Showing posts with label doctor. Show all posts
Showing posts with label doctor. Show all posts

Thursday, March 07, 2013

Yet I Receive the Hugs

During my years of being a chemotherapy nurse I got to meet a lot of people. Even though it has been two and a half years since I gave my last drop of chemo, I still see patients from that time all around town. Yesterday, it happened again. I was shopping for groceries and I saw a former patient. When we first met, he was fighting a terrible cancer and I was one of his chemotherapy nurses. I run into him from time to time now as he works where I often shop. Seeing him always warms my  heart. We chatted for a few minutes. He spoke of his treatment and recovery, his remarkable recovery. Then we went our separate ways.

This particular patient was very, very ill at one time. As a matter of fact, there was a point when we were all afraid that he would not survive through his cancer treatment. He is a real quiet person who didn't freely complain but he really, really suffered and we knew it. Our hearts broke as we saw him lose more and more weight and become desperately ill. He suffered more than most.                                                                            

He did survive, though, and I get to receive the sweet hugs and smiles when I see him. He hugs me because he is just so grateful to be alive. He sees me as part of the reason he lives. I love seeing him. I always walk away feeling lighter. He makes me feel like a heroine.

After I left him yesterday, though, I started thinking about the other nurses that gave him chemotherapy. I plan to ask them if they ever see him. I know it would make them feel so good about the work we did together.  Then, I started thinking about how really it wasn't us who saved him. I was mentally giving credit to the doctor who prescribed the chemo that we gave. Her knowledge and expertise were what saved him.

After mentally honoring the doctor for a bit, I thought even further back in the process. I thought about those who worked years on clinical trials to test the medications we gave this patient. There were patients and clinical personnel alike who were a part of those trials. I mentally honored them for what they did to make these drugs available to our patient.
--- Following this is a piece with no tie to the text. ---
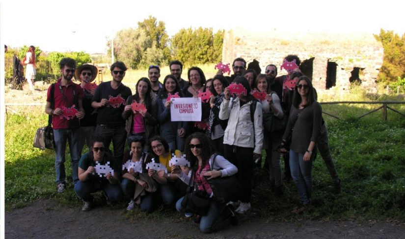
Fig.7: the event leaflet and engineering class students at the end of the 3D digital invasion.

About thirty students from the Building Engineering-Architecture degree course, University of Catania, were involved. The event was planned among the activities of the Digital Drawing course as a practice exercise on Structure from Motion Techniques for 3D documentation of cultural heritage.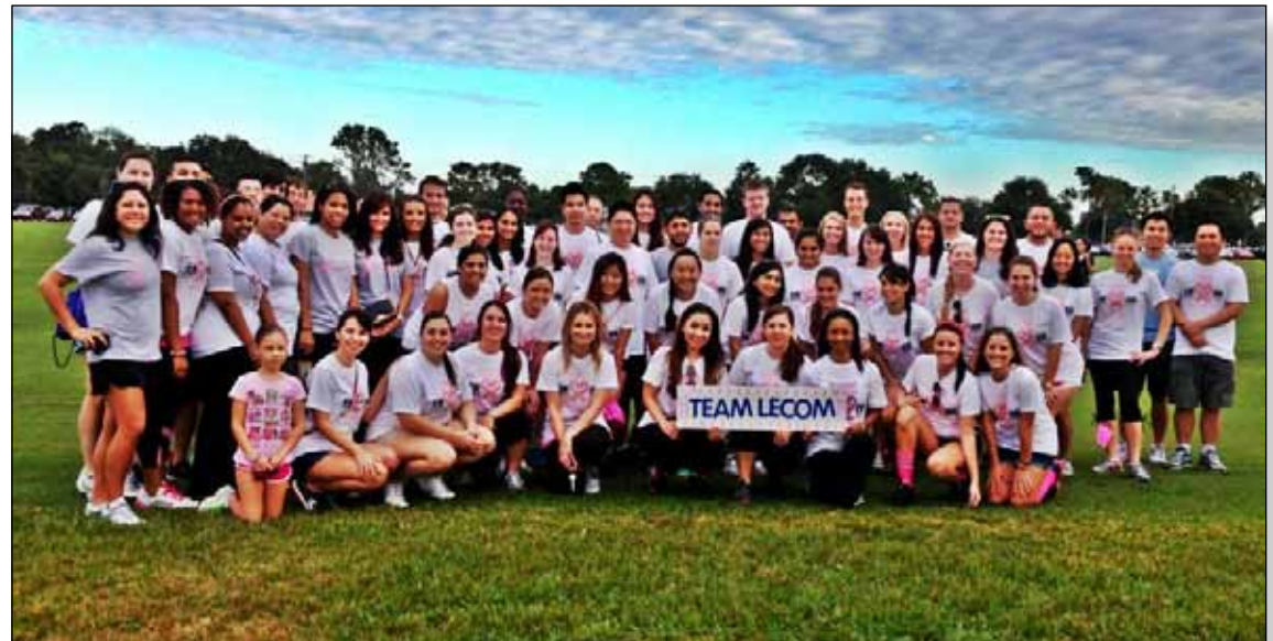
Making Strides in 2013. Beta Iota chapter.

Then, I thought further back yet. Before the clinical trials there were scientists and other researchers who came up with the theories and recipes for chemo medications. These people work years to perfect their products. They likely never see the patients who benefit from their work. What I did as a chemotherapy nurse would not ever have been possible without all those people!  Behind every little vial of chemotherapy we put into our patients, there was years of work and likely hundreds or even thousands of people who played a part in making it available. They all deserve the credit.

Yet, I am the one who receives the hugs.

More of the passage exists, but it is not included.